The Colonel Catches a Catfish
Right now as you read these words, two people who have fallen in love online are about to meet for the first time in person. They have been exchanging intimate thoughts and personal histories by email and text multiple times an hour for as long as several years. He hopes she looks like lovely woman with the large eyes in her selfie. She hopes he is as tall as he says he is. None of this matters for they are already hopelessly and irrevocably in love. Neither has bothered to pay for a police background check on the other for as most people do, they are trusting their intuitions in this matter of the heart. Their connection has been so intense and beautifully overwhelming that there is a 33 percent chance that they will land up in bed during this first meeting.
How do I know all of this? For the past several years I have maintained dating websites for a not-to-be-named large corporation. I have studied Internet love affairs in a scholarly way, taking notes from journals and books written by amazed psychologists. I can tell you with complete confidence someone right now is traveling the planet to have sex with or even marry a stranger whom they have never met.
Many experts on online dating draw parallels between Internet romances and the old-fashioned courtships of the 19th Century, a time when people routinely got to know each other by exchanging letters. This can be a charming way of letting love unfold in that you become acquainted with your lover first from the inside out. You fall in love with that person's thoughts, philosophies and dreams before you fall in love physically. The hands-off policy actually increases the sexual tension, which can literally climax during that first crucial meeting. It's nothing new. People already knew it a hundred or so years ago.
The love story of Emily Dickinson and Thomas Wentworth Higginson fascinates me because of my expertise in online affairs. Here we find two people who corresponded with one another intimately and passionately for eight years before they were in the same room together. I am convinced both parties fell insanely in love with each other. I am also convinced that one of them was so disappointed by the manner and appearance of the other that the relationship was doomed during that first meeting. After all, back then as today, the mysterious and indescribable old black magic has to conjure up for a love affair to go forward.

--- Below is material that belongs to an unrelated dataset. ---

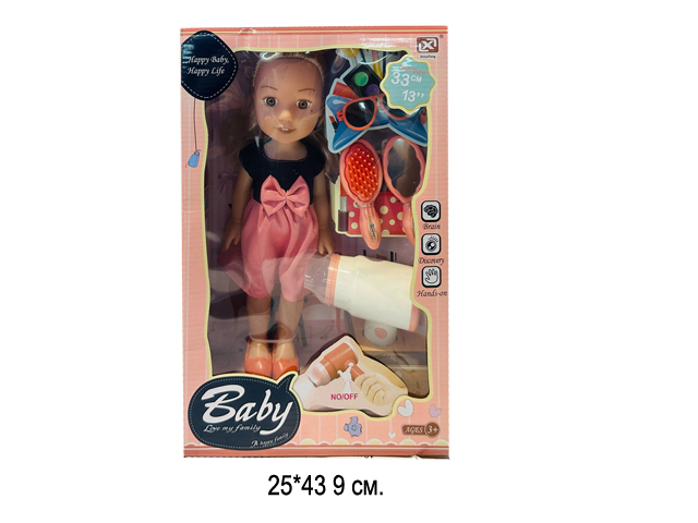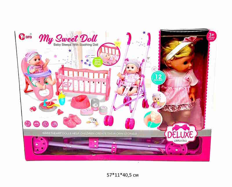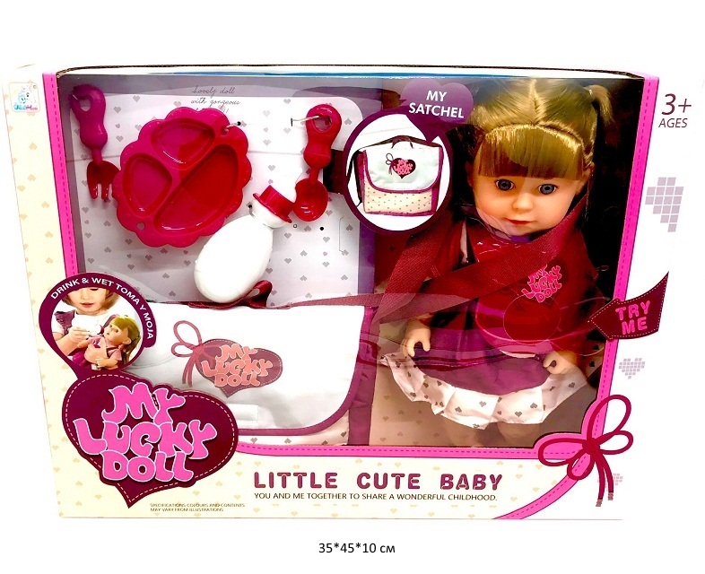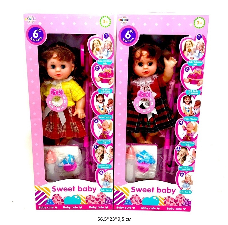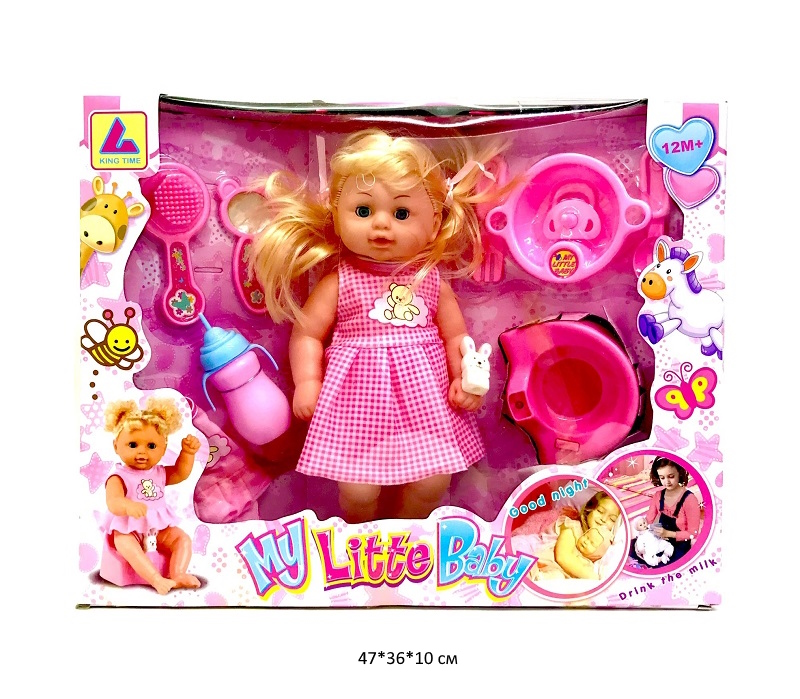 - Кукла арт. K006-9 С коляской, аксессуарами в кор._×Кукла арт. K006-9 С коляской, аксессуарами в кор._Игровой набор «Милая малышка» поможет девочке в ходе игры попробовать себя в роли настоящей мамы. В комплекте: кукла, горшок, бутылочка, подгузник, коляска.

It was the reclusive Emily Dickinson who initiated the correspondence with Colonel Higginson. She wrote the first letter. On the day she wrote it, April 15, 1862, she was thirty-two—old enough to be called a spinster. The old maid lived in the same house where she was born and rarely left it. She saw few people except for her family. She spent some of her time gardening and baking bread, but she was most passionate about taking long walks on the grounds of the family home and writing eccentric poems about nature and religion.
When their correspondence began, Higginson was well-known as a radical and a hot-head when it came to slavery, capital punishment, women's rights and child labor laws, although he would have preferred to be famous in literature. Higginson helped bring weapons and ammunition to anti-slavery settlers in Kansas and later to John Brown's raid on Harper's Ferry. He volunteered for the Civil War and was wounded in August 1862. After he recovered from his injuries, he went on to lead the 33rd United States Colored Troops, the first unit of the Union Army made up of freed slaves.
Colonel Higginson was extremely good-looking and vain about his looks. This 19th Century hottie had no problem attracting many different kinds of women, especially since he believed "quality has no gender". One of his essays, "Ought Women to Learn the Alphabet?" remains a feminist classic today. Higginson married his second cousin when he was nineteen and she was twenty, but unfortunately she became an invalid by the time they were in their thirties. She was so incapacitated she could not lift a pen to write a letter, a fact that gave hope to Thomas Higginson's many admirers that they might one day take her place and give him the children he always wanted. Mary had a caustic personality and famously said, "I don't dare leave the Colonel. There are so many women just waiting for me to die."
Emily Dickinson probably knew all these things about Colonel Higginson when she wrote to him. She probably also knew that he had helped other women writers get published and that, in modern parlance, he was expert at "networking". The Colonel was acquainted with the movers and shakers of his time in literature and thought—Walt Whitman, Mark Twain, Ralph Waldo Emerson, Victor Hugo, and Charles Darwin, for example.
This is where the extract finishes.